> **Task directions**
From the material below, reproduce exactly the stretch of lines that begins with the line holding "เรายังอิ่มจนพุงกางสุด ๆ หลังจากสั่งเมนูแกงกะหรี่เด็ด" and ends with the line holding "Bewegingscentrum Norg zet", skipping the pictures.

> **Extracted records**
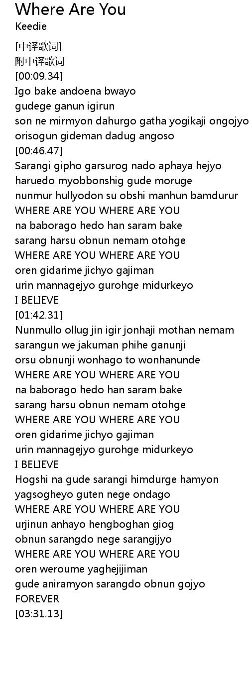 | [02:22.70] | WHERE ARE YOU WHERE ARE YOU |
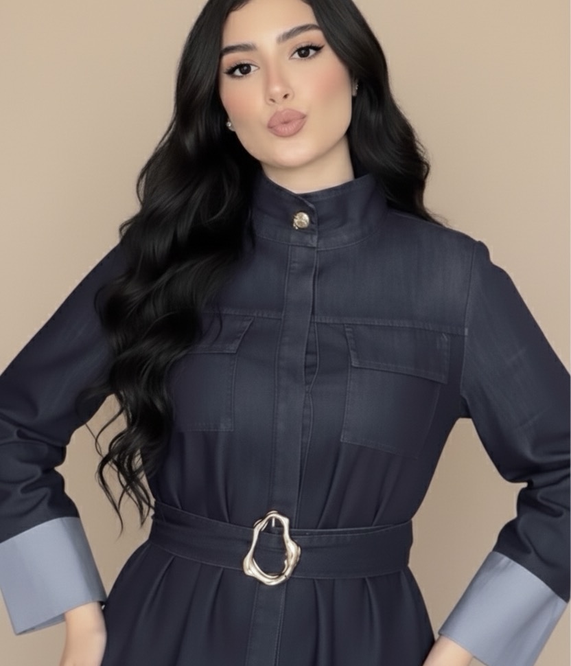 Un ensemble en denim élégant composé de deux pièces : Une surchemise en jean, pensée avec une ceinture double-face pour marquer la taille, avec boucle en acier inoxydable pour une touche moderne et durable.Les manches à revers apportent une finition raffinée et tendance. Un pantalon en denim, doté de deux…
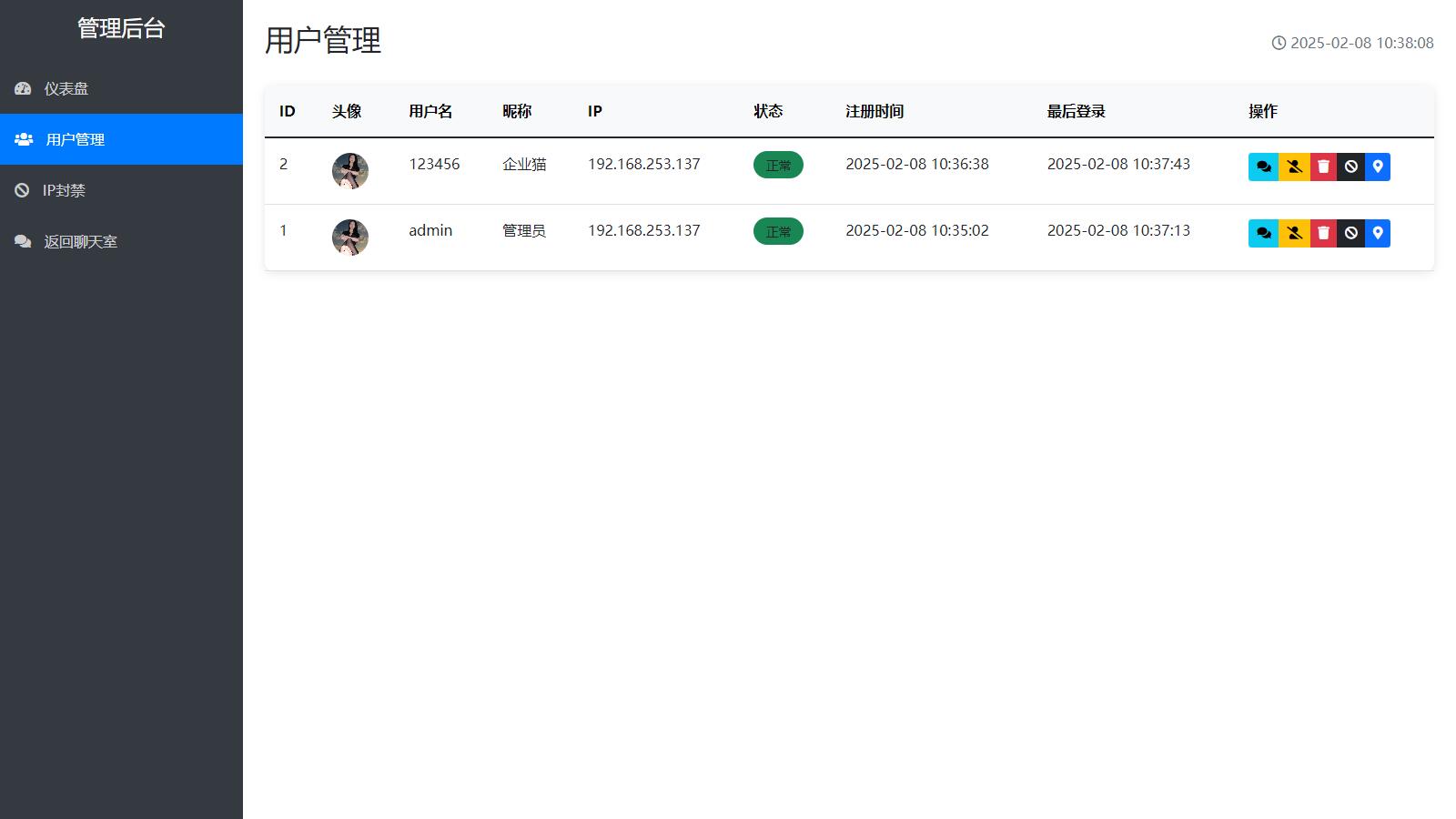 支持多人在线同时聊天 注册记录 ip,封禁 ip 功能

* * *

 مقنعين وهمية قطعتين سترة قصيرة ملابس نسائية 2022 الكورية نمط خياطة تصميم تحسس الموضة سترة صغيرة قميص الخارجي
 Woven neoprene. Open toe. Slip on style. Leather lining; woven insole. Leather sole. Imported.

---

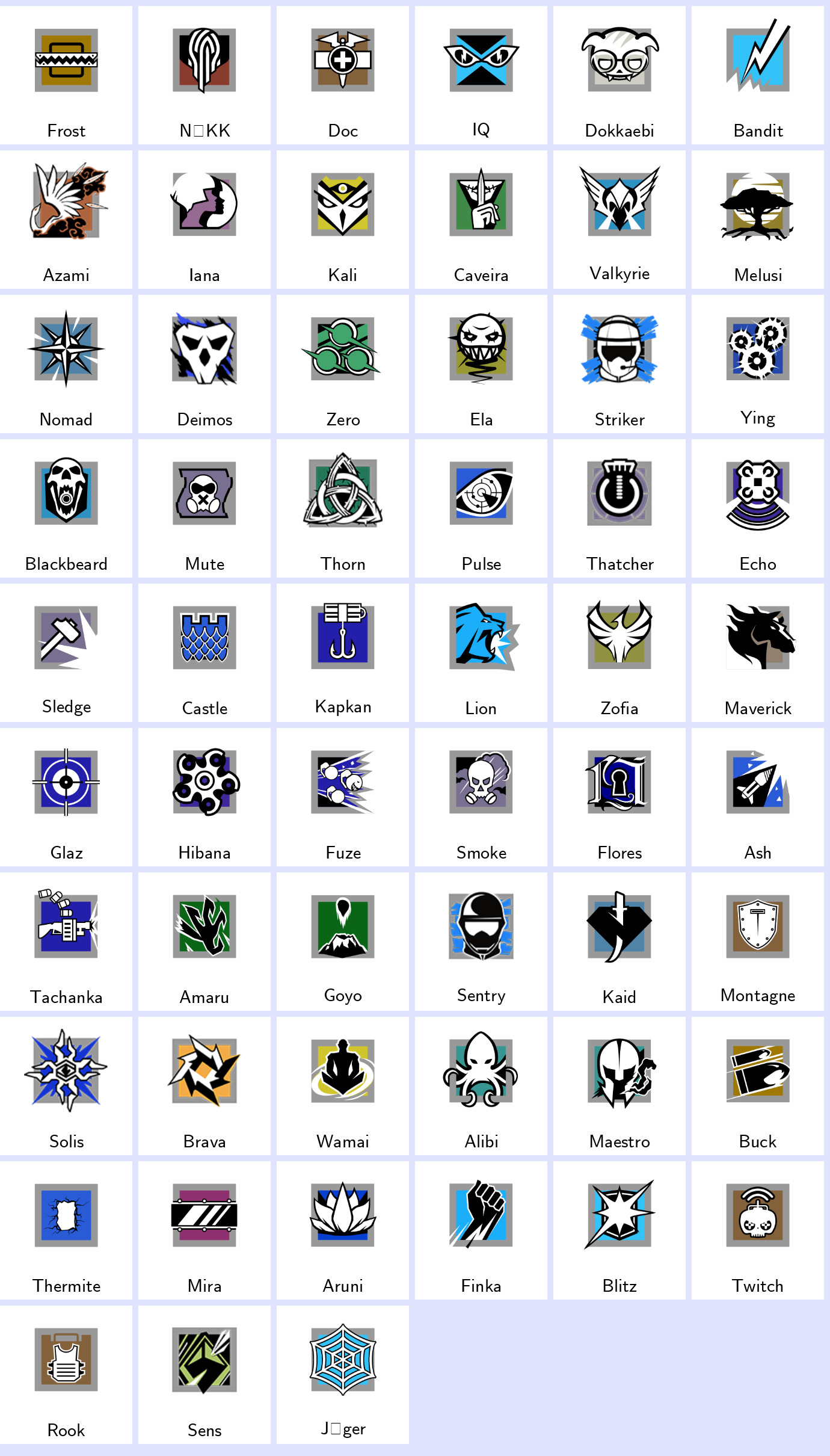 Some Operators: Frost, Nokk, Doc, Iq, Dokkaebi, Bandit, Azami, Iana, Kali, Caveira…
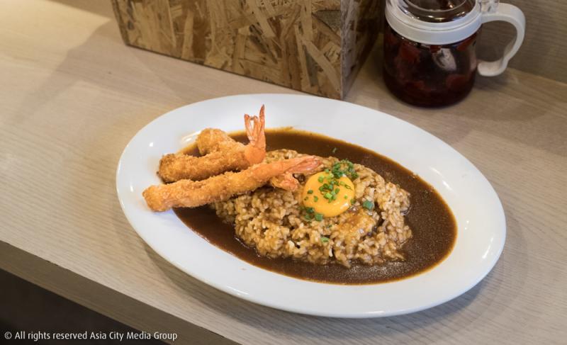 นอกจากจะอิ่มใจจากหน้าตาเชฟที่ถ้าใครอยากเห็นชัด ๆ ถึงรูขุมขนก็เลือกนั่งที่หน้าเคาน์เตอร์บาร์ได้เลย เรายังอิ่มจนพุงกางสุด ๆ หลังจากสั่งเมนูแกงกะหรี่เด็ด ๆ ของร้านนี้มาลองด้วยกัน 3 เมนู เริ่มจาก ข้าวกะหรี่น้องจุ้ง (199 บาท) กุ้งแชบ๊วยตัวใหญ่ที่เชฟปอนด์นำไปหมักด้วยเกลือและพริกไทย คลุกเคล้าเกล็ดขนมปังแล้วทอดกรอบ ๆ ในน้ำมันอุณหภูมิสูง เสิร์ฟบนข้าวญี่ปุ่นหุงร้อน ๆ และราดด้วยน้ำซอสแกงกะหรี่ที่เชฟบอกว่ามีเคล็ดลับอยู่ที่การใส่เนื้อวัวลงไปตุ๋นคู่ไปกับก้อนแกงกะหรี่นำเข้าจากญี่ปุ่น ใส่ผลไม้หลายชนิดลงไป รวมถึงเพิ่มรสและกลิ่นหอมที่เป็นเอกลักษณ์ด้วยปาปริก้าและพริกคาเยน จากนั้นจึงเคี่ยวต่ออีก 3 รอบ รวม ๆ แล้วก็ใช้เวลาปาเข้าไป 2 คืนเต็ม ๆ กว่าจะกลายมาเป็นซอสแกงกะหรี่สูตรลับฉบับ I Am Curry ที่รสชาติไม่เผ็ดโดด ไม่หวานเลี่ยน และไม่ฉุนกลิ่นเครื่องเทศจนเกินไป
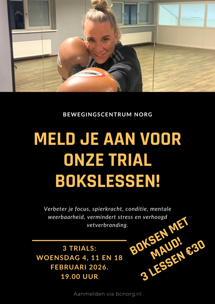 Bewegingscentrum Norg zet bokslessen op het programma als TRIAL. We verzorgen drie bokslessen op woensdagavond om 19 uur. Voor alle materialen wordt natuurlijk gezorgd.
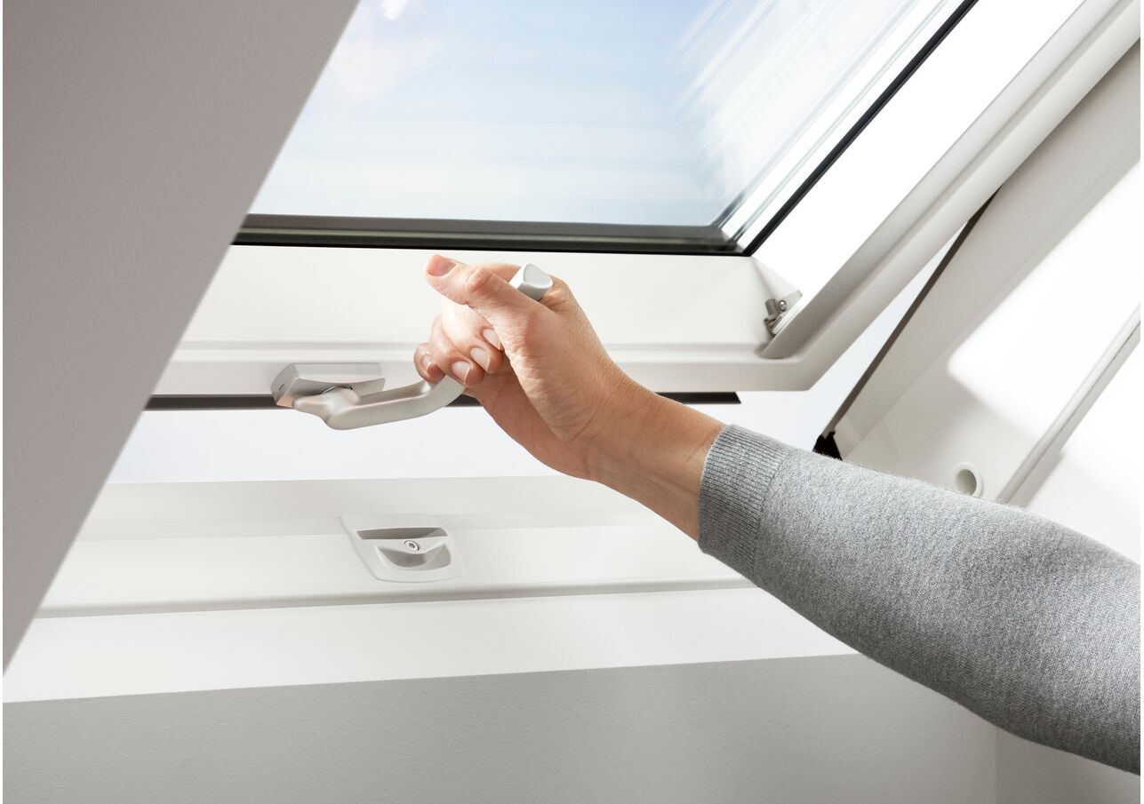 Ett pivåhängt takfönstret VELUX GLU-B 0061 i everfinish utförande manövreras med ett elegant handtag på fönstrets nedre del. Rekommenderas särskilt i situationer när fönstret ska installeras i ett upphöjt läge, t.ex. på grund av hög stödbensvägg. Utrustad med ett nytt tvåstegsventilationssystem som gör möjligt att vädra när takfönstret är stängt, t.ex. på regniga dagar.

> **Response**
 นอกจากจะอิ่มใจจากหน้าตาเชฟที่ถ้าใครอยากเห็นชัด ๆ ถึงรูขุมขนก็เลือกนั่งที่หน้าเคาน์เตอร์บาร์ได้เลย เรายังอิ่มจนพุงกางสุด ๆ หลังจากสั่งเมนูแกงกะหรี่เด็ด ๆ ของร้านนี้มาลองด้วยกัน 3 เมนู เริ่มจาก ข้าวกะหรี่น้องจุ้ง (199 บาท) กุ้งแชบ๊วยตัวใหญ่ที่เชฟปอนด์นำไปหมักด้วยเกลือและพริกไทย คลุกเคล้าเกล็ดขนมปังแล้วทอดกรอบ ๆ ในน้ำมันอุณหภูมิสูง เสิร์ฟบนข้าวญี่ปุ่นหุงร้อน ๆ และราดด้วยน้ำซอสแกงกะหรี่ที่เชฟบอกว่ามีเคล็ดลับอยู่ที่การใส่เนื้อวัวลงไปตุ๋นคู่ไปกับก้อนแกงกะหรี่นำเข้าจากญี่ปุ่น ใส่ผลไม้หลายชนิดลงไป รวมถึงเพิ่มรสและกลิ่นหอมที่เป็นเอกลักษณ์ด้วยปาปริก้าและพริกคาเยน จากนั้นจึงเคี่ยวต่ออีก 3 รอบ รวม ๆ แล้วก็ใช้เวลาปาเข้าไป 2 คืนเต็ม ๆ กว่าจะกลายมาเป็นซอสแกงกะหรี่สูตรลับฉบับ I Am Curry ที่รสชาติไม่เผ็ดโดด ไม่หวานเลี่ยน และไม่ฉุนกลิ่นเครื่องเทศจนเกินไป
 Bewegingscentrum Norg zet bokslessen op het programma als TRIAL. We verzorgen drie bokslessen op woensdagavond om 19 uur. Voor alle materialen wordt natuurlijk gezorgd.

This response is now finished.